Beyond waste and duplication, and perhaps even more costly, is our inefficiency in treating chronic diseases. The fragmentation of our health care system, with it's competing interest groups and agendas, causes a lot of this inefficiency.
The CDC makes a very plain statement about this (click for Web reference):
Chronic diseases – such as heart disease, stroke, cancer, and diabetes – are among the most prevalent, costly, and preventable of all health problems.
According to the CDC (click for Web reference):
- Chronic diseases account for 70% of all deaths in the United States.
- The medical care costs of people with chronic diseases account for more than 75% of the nation’s $2 trillion medical care costs.
- Chronic diseases account for one-third of the years of potential life lost before age 65.
If chronic diseases account for 75% of health care costs, and attendent suffering, we might want to look at what's driving those costs and whether there's a way to bring them under control. We might especially want to know if there could be a connection between providing better care and controlling costs.
Insurance companies, acting rationally as we expect for-profit corporations to do, control their own costs of chronic disease by refusing coverage, refusing treatment, and recision. The diseases don't go away, though, and the costs get dumped on non-profit hospitals and Medicaid. In other words, the excess cost of refusing intelligent treatment for chronic diseases is passed on to you and me. Meanwhile, there is more suffering than there needs to be.

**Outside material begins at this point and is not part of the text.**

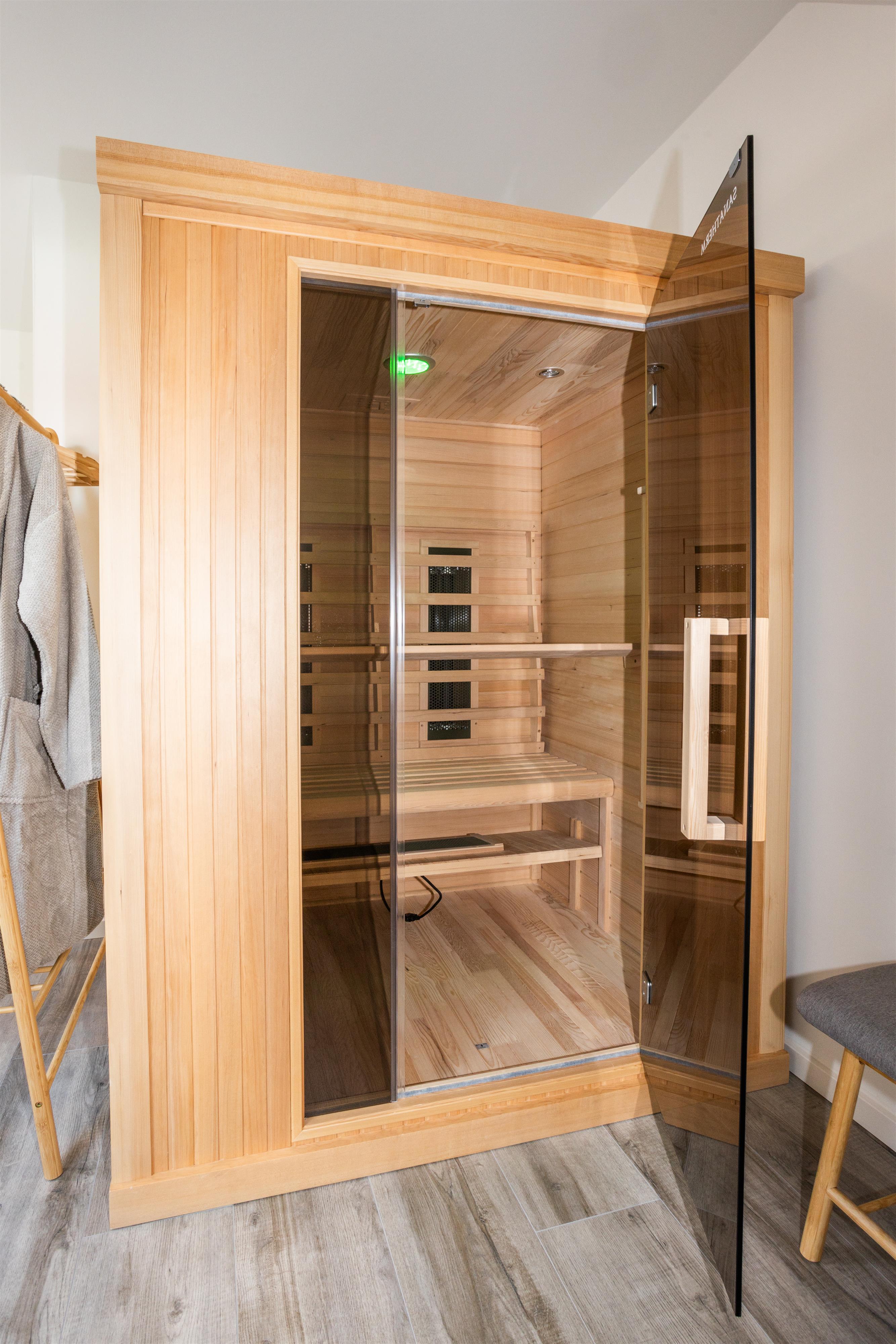 • Sichtgeschützte Outdoorsauna mit Ruhebereich

One of the Commonwealth charts (see links, above) is entitled "Adults Without Insurance Are Less Likely To Be Able To Manage Chronic Conditions." The chart illustrates the following:
- Uninsured patients are three times more likely to skip their medications due to cost than are insured patients.
- Uninsured patients are 2.2 times more likely to be hospitalized or visit the ER than are insured patients.
Another chart, with a very long name, shows that putting caps on drug reimbursements increases the number of more adverse consequences suffered by patients, off-setting the savings in prescription costs.
The Robert Wood Johnson Foundation is another NGO that focuses a good bit of attention on chronic care (click for Web reference). Here's a quote from RWJ:
[Deficiencies in current management of chronic diseases] include:
- Rushed practitioners not following established practice guidelines
- Lack of care coordination
- Lack of active follow-up to ensure the best outcomes
- Patients inadequately trained to manage their illnesses
Overcoming these deficiencies will require nothing less than a transformation of health care, from a system that is essentially reactive - responding mainly when a person is sick - to one that is proactive and focused on keeping a person as healthy as possible.
Transforming complex systems, like health care, is not easy to do. Organizing the energies and agendas of doctors, hospitals, nurses, technicians, patients, consultants private insurors, Medicare, Medicaid, and innumerable other interest groups requires more than just research and advocacy. It requires leadership than can transcend the inevitable internecine squabbling. That's why I believe that single-payer universal coverage is the best way to achieve the transformation RWJ advocates.
But back to our discussion. There's no doubt that controlling waste and duplication will help save costs and, done correctly, improve outcomes. But we need to keep our eye on the prize. Affordable, high-quality health care for everyone.